Now we run **200 trials** for the agent to estimate Utilities.

In [15]:
for i in range(200):
    run_single_trial(TDagent,sequential_decision_7x6_environment)

The calculated utilities are:

In [16]:
sorted_dict = dict(sorted(TDagent.U.items()))
print('\n'.join([str(k)+':'+str(v) for k, v in sorted_dict.items()]))

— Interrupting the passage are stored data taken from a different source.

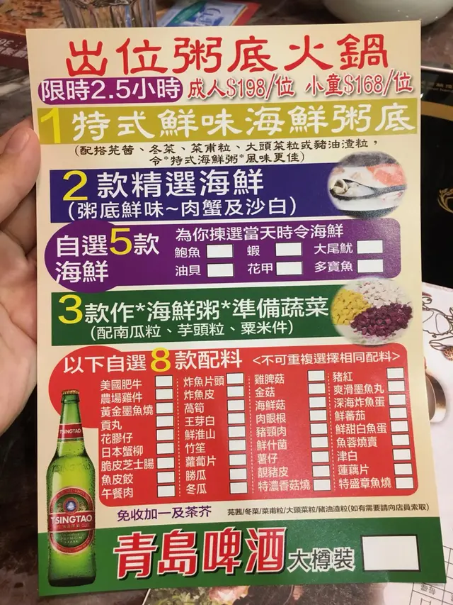 我地嗌咗肥牛、豬紅、海鮮菇,後面兩樣都唔係平時成日食到嘅配料,海鮮菇特別好食同入味。再嗌咗個蘿蔔同蒿荀,溶入粥好甜。墨魚丸彈牙,娃娃菜同粟米都夠甜,加落南瓜同芋頭,冬菜、豬油渣粒等配菜,粥嘅口感更多層次。我中意佢會加嘅脆片,多咗種口感。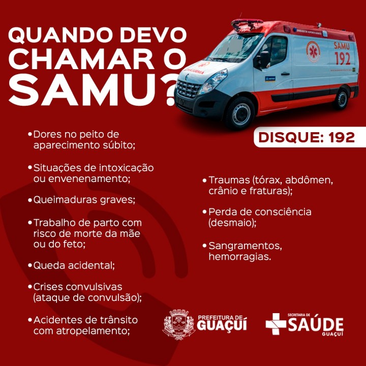 O Samu é um serviço de atendimento pré-hospitalar. O objetivo é fazer com que profissionais de saúde iniciem, da forma mais precoce possível, os procedimentos de salvamento de pacientes em situações de urgência e emergência, aumentando as possibilidades de recuperação das vítimas. Sendo assim, as ambulâncias funcionam como unidades móveis de saúde.
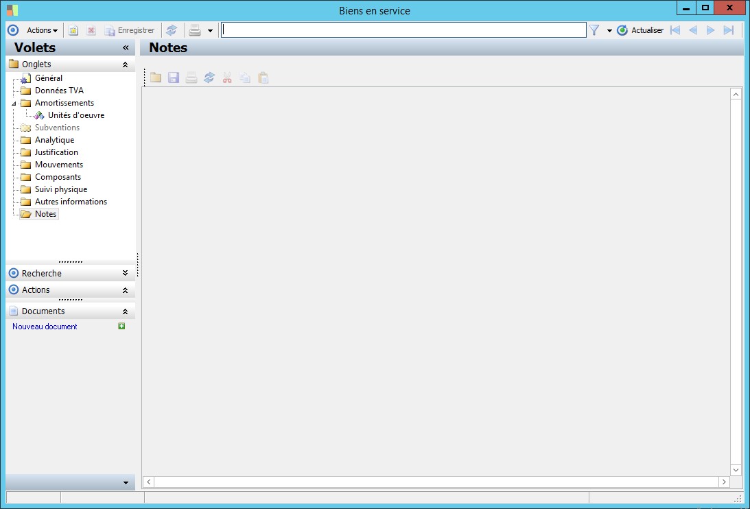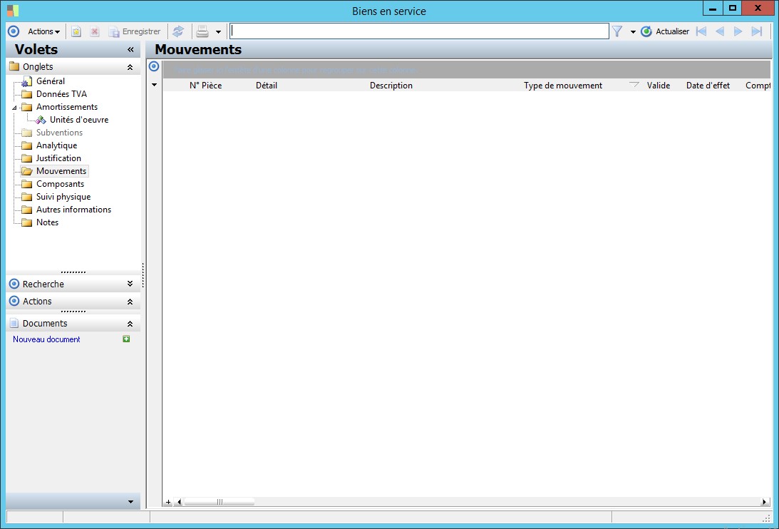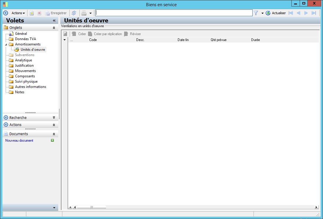Cette zone permet de renseigner la date de mise en service de l'immobilisation. Elle sera automatiquement renseignée si le bien est issu d'un mouvement de mise en service d'en cours. Elle correspond également à la date de début du plan de ventilation en unités d'oeuvre. Cette information n'est plus modifiable lorsque le bien est valide. |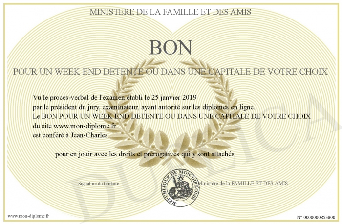 Envoyez par email votre BON POUR UN WEEK END DETENTE OU DANS UNE CAPITALE DE VOTRE CHOIX personalisé

(0, 0):-0.058167923242457176
(0, 1):-0.004343240836352189
(0, 2):0.036823965592078185
(0, 3):0.12282370538536669
(0, 4):0.1626234030730335
(0, 5):0.0
(1, 0):-0.10858397515541818
(1, 2):0.07319232552719433
(1, 3):0.1720640375861118
(1, 4):0.20824029606940025
(1, 5):0.0
(2, 0):0.0
(2, 1):0.0662351573608459
(2, 2):0.14199058183780378
(2, 3):0.23228738623345338
(2, 4):0.30999198140288836
(2, 5):-0.04481642609136607
(3, 0):0.0
(3, 1):0.16876023329671247
(3, 2):0.21191872416900676
(3, 3):0.28632984324804917
(3, 4):0.40120751812514505
(4, 0):0.0
(4, 1):0.0
(4, 2):0.21440343103614912
(4, 3):0.36538456696931626
(4, 4):0.4985479030894473
(4, 5):0.5885602255558744
(5, 0):0.0
(5, 1):0.0
(5, 2):-0.7239567785487893
(5, 3):0.27728540692184256
(5, 4):0.5393173195256209
(5, 5):0.8153583891750166
(6, 0):0.0
(6, 1):0.0
(6, 2):0.0
(6, 3):-1
(6, 4):0.86
(6, 5):1


In [17]:
print('\n'.join([str(k)+':'+str(v) for k, v in sorted(TDagent.U.items(), key=lambda item: item[1])]))

(6, 3):-1
(5, 2):-0.7239567785487893
(1, 0):-0.10858397515541818
(0, 0):-0.058167923242457176
(2, 5):-0.04481642609136607
(0, 1):-0.004343240836352189
(4, 0):0.0
(5, 1):0.0
(0, 5):0.0
(6, 2):0.0
(3, 0):0.0
(5, 0):0.0
(1, 5):0.0
(6, 1):0.0
(4, 1):0.0
(2, 0):0.0
(6, 0):0.0
(0, 2):0.036823965592078185
(2, 1):0.0662351573608459
(1, 2):0.07319232552719433
(0, 3):0.12282370538536669
(2, 2):0.14199058183780378
(0, 4):0.1626234030730335
(3, 1):0.16876023329671247
(1, 3):0.1720640375861118
(1, 4):0.20824029606940025
(3, 2):0.21191872416900676
(4, 2):0.21440343103614912
(2, 3):0.23228738623345338
(5, 3):0.27728540692184256
(3, 3):0.28632984324804917
(2, 4):0.30999198140288836
(4, 3):0.36538456696931626
(3, 4):0.40120751812514505
(4, 4):0.4985479030894473
(5, 4):0.5393173195256209
(4, 5):0.5885602255558744
(5, 5):0.8153583891750166
(6, 4):0.86
(6, 5):1


When comparing to previous agents, the result of `PassiveTDAgent` is closer to `PassiveADPAgent`.